How will we get back to the hotel, she worries. It’s the Dallas fairgrounds, not the ends of the earth, I say. I am full of this experience, the exotic strange place I’ve landed in. I want to enjoy the here and now, I don’t want to worry about later. But I do want to take care of her.
I’ll get you home, I tell her. And I see her relax a tiny bit. This is how our friendship starts. She trusts me. So I have to come through for her.

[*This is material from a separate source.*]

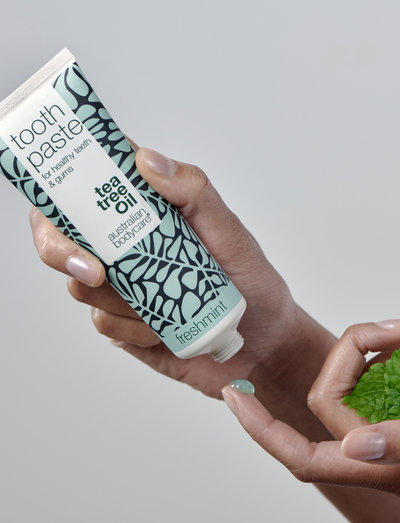 Tandkräm med Tea Tree Oil vårdar och minimerar tandköttsbesvär vid ömt tandkött, dålig smak i munnen, rött och irriterat tandkött och dålig andedräkt.

I hear Spanish being spoken by a group of men nearby, drinking Lone Star beer from bottles. I go over, light up my cigar, speak Spanish to them, of course—compliment their outfits, the party, ask them where they’re from, joke with them about the wild and crazy librarians who crashed their party. When they are all laughing and talking, I ask where are the lesbians? Don’t women two-step together in Texas?
They have their own parties, they say.
Where? Maybe we’ll crash that one too. I’m joking, but they take me seriously.
We don’t know where. Sorry, sorry, we don’t know. They are so apologetic for being bad hosts. This country hospitality thing is real. It’s time to ask about calling a cab.
No no, you don’t need to take a cab. You’re our guests. We’ll drive you back to your hotel, the guys say. We’re still speaking Spanish.
Are you sure it’s no trouble?
We take care of each other, the guys say. We’re all brothers and sisters here tonight.
So that’s how I get Krissie home, another ride in a pickup truck but this time in the back seat, properly buckled up. We listen to loud Mexican music, with the leather guy and me singing along.
She has to listen to us speak Spanish the whole way home. It’s the least I can do for the driver, a courtly young guy who makes me laugh. I ask him how it is for gay men in Dallas and he tells me funny stories about closeted cops and judges, some of them dancing with us tonight. He says there is a priest there who comes out every Saturday night and says Mass the next morning at 8 a.m., sometimes not even having time to take a shower to wash off the night’s sins before giving Holy Communion. If there’s a bad side to being a gay man in a macho culture like Texas, he doesn’t speak of it. Which is fine with me. It’s a night for fun.
KRISSIE
She goes on and on in Spanish with him, shutting me out. It’s so rude. I cannot believe they keep it up. They both speak English. Why are they rubbing my face in the fact I speak only English and a little high school French? I feel stupid enough without them rubbing it in.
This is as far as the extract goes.